Coming From Duolingo

Hi anybody else here from Duolingo I tried learning there but they didn’t have Chinese for english users.

Duolingo has Chinese! I’ve been doing it there for 4-5 months.

I would say this: be careful. The Chinese program is sometimes touted as “Beta,” i.e., not quite ready for prime-time yet, but good enough to solicit reports from early adopters, and sometimes as “Launched,” i.e., due diligence is done, 98% of all language or DataBase or functionality bugs were cleared.

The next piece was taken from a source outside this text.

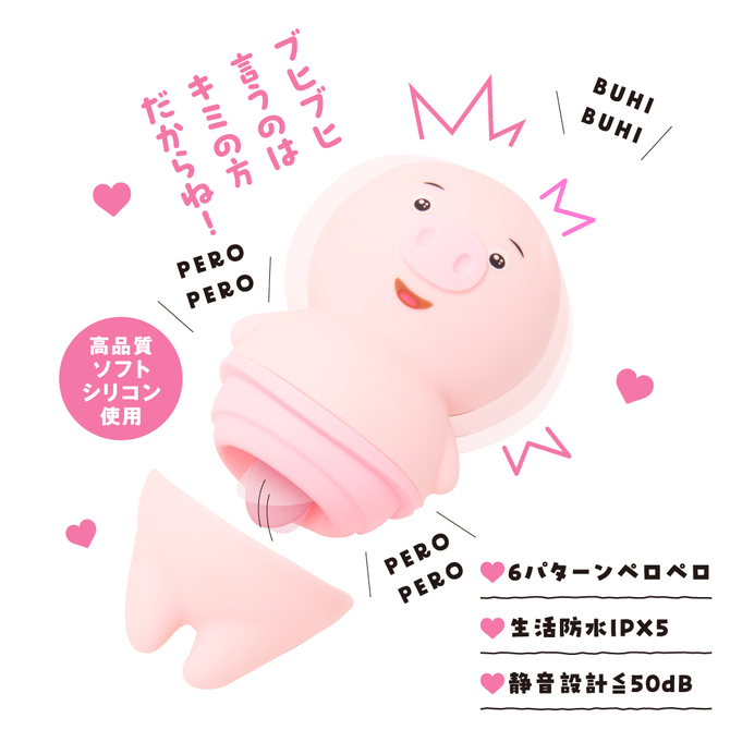 かわいい豚の人形かと思ったら・・・舐めローター!見た目からは創造できない、超高速!舌舐めローターです★ダサかわいいブタくんが一生懸命舐めてくれます!多彩なペロペロ6パターンで絶対絶頂♪高品質ソフトシリコン使用のふんわりとろける柔らか舌!誰でもかんたん操作のワンプッシュ式!(鼻を押してね♪)使用後も清潔に保てる生活防水 IPX5。周りを気にせず遊べる静音設計 ≦50dB。パッケージサイズ:10×7×6.6cm本体サイズ:8×4.5×4.2cm重量:50g付属品:ジャック式USB充電ケーブル
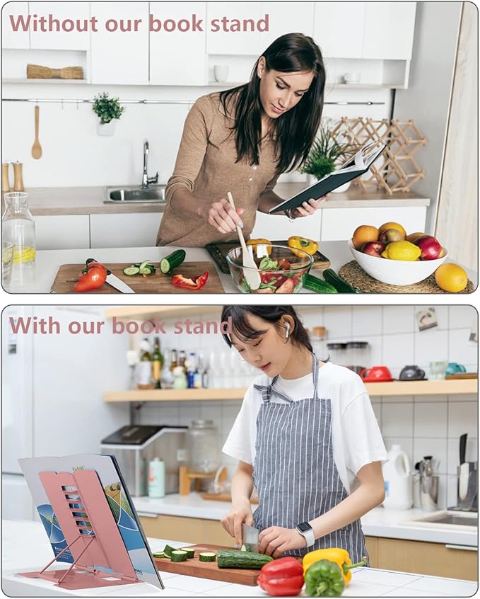 - 6 adjustment points: Length-7.3in, Width-7.8in. The cooking bookshelf can be adjusted to an appropriate angle through the 6 notches on the movable back support as needed, which promotes the correct posture and reduces the fatigue of long-term reading.

My experience is: there is a lot that still needs to be corrected --all over the place-- in Duolingo Chinese. The approved answers are sometimes very narrow, so you experience a lot of fails; the English translation is sometimes off, meaning, not quite right, and the program will NOT let you progress and close the lesson unless you include the “mistake” in your answer. Same with the Chinese options.

What does that do to your brain: well, now you feel unsteady: am I learning what I should learn, correctly, or am I learning what Duolingo makes me learn? Am I going to be a Duolingo Savant, or am I learning Chinese with the right turns of phrases and syntax etc. The game aspect is seductive alright, but I would take it all with a grain of salt.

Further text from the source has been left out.